## WORK INSTRUCTIONS
Begin at the line containing "Épreuve en terre" and copy exactly through the last line of the listing, skipping every picture.

## DATA TO EXAMINE

★ ★ ★ ★ ★ ★ ★

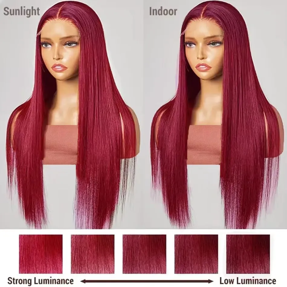 Sleek Red 99J Colored T1B/99J Wig 13*4*1 T Part Lace Front Part Brazilian Straight 22 Inches Human Hair Wigs Natural Remy Hair
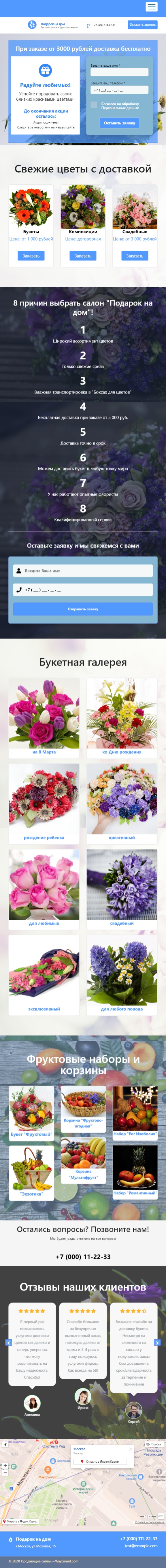 Закажите готовый продающий сайт лендинг #2404203 в Петрозаводске за 1-3 дня «под ключ»: свёрстан, отрисован и готов к рекламе. Тематика шаблона «Доставка букетов на дом».
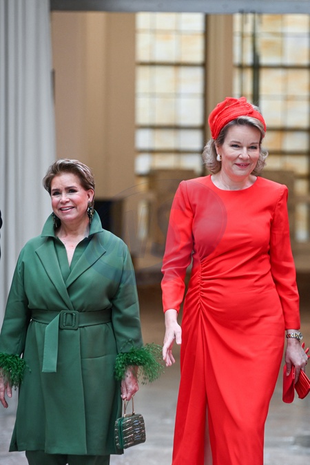 La reine Mathilde de Belgique et la grande-duchesse Maria Teresa de Luxembourg lors de la visite de l'exposition surréaliste Bozar avec Dali et Magritte à Bruxelles, le 17 avril 2024. Le Grand Duc et la Grande Duchesse de Luxembourg sont en visite officielle en Belgique. State visit of Their Royal Highnesses the Grand Duke and Grand Duchess of Luxembourg to Belgium. Visit to Bozar Surrealist exhibition with Dali and Magritte pictured on April 17, 2024 in Brussels, Belgium. April 17th, 2024.
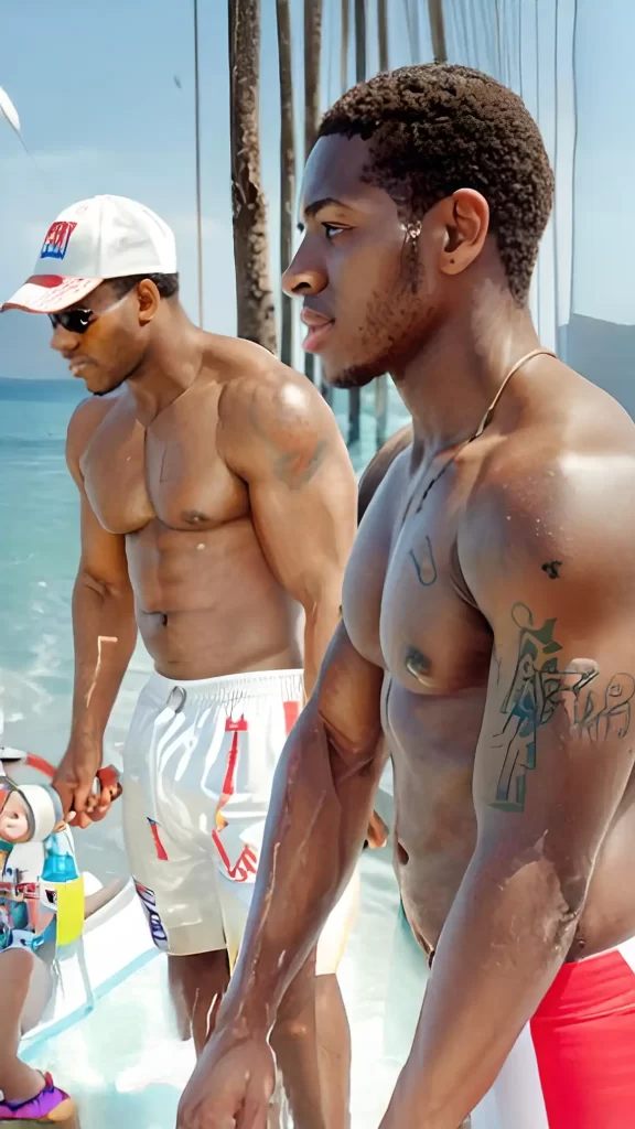 The sun was high, casting a golden glow over the outdoor gym as ebony beekcakes DeAndre and Malik clanked their weights together. Sweat glistened on their skin, each rep a testament to their discipline and drive.
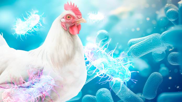 Wu H. et al., 2024, mostraram que os probióticos reduzem a S. Typhimurium em frangos de corte, promovendo melhoria do desempenho zootécnico, modulando a microbiota cecal e diminuindo a inflamação intestinal e do fígado, pela redução das citoquinas anti-inflamatórias, sendo uma alternativa para a substituição dos antibióticos.
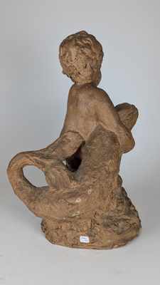 Épreuve en terre cuite moulée et modelée signée à l’arrière.
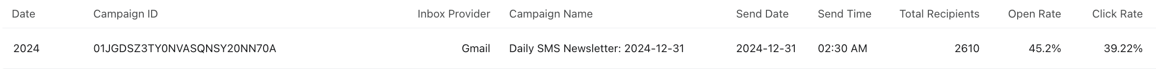 Chaque ligne de votre rapport présentera des données par segment (c.-à-d. l'ID de la campagne) et par envoi de campagne (c.-à-d. l'ID de la campagne et le nom de la campagne), avec l'indicateur de rapport correspondant supplémentaire. -
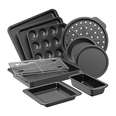 Baking Utensils Set, Baking Pan Set, Kitchen Non-Stick Pan, 10 Pieces, Cookie Board, Cake Pan, Bread Pan, Muffin Pan, Pizza PanThe ergonomic wide handles make this set suitable for all ageswhether you're a child learning to bake or a senior looking for easy-to-handle bakeware. Crafted from heavy-duty carbon steel, these pans ensure even heat distribution and the perfect bake every time, helping you recreate your familys favorite recipes with eFIRPIX
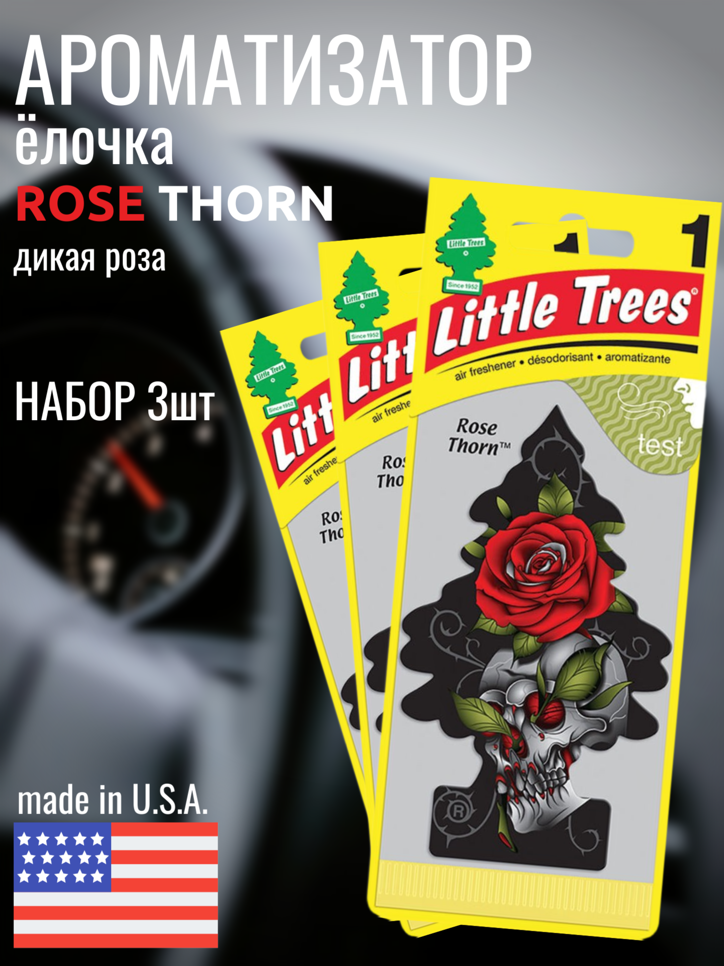 НАБОР LITTLE TREES Ароматизатор Ёлочка "Дикая Роза" (Rose Thorn) 3шт
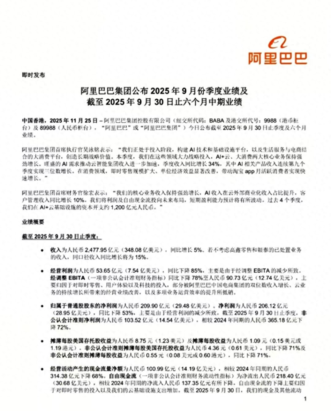 2025年深秋的这份财报,对于阿里巴巴而言,与其说是一份“成绩单”,不如说是一份“病危通知书”与“新生通过令”的合订本。

★ ★ ★ ★ ★ ★ ★

## SOLUTION FOR THIS PROBLEM
 Épreuve en terre cuite moulée et modelée signée à l’arrière.
 Chaque ligne de votre rapport présentera des données par segment (c.-à-d. l'ID de la campagne) et par envoi de campagne (c.-à-d. l'ID de la campagne et le nom de la campagne), avec l'indicateur de rapport correspondant supplémentaire. -
 Baking Utensils Set, Baking Pan Set, Kitchen Non-Stick Pan, 10 Pieces, Cookie Board, Cake Pan, Bread Pan, Muffin Pan, Pizza PanThe ergonomic wide handles make this set suitable for all ageswhether you're a child learning to bake or a senior looking for easy-to-handle bakeware. Crafted from heavy-duty carbon steel, these pans ensure even heat distribution and the perfect bake every time, helping you recreate your familys favorite recipes with eFIRPIX
 НАБОР LITTLE TREES Ароматизатор Ёлочка "Дикая Роза" (Rose Thorn) 3шт
 2025年深秋的这份财报,对于阿里巴巴而言,与其说是一份“成绩单”,不如说是一份“病危通知书”与“新生通过令”的合订本。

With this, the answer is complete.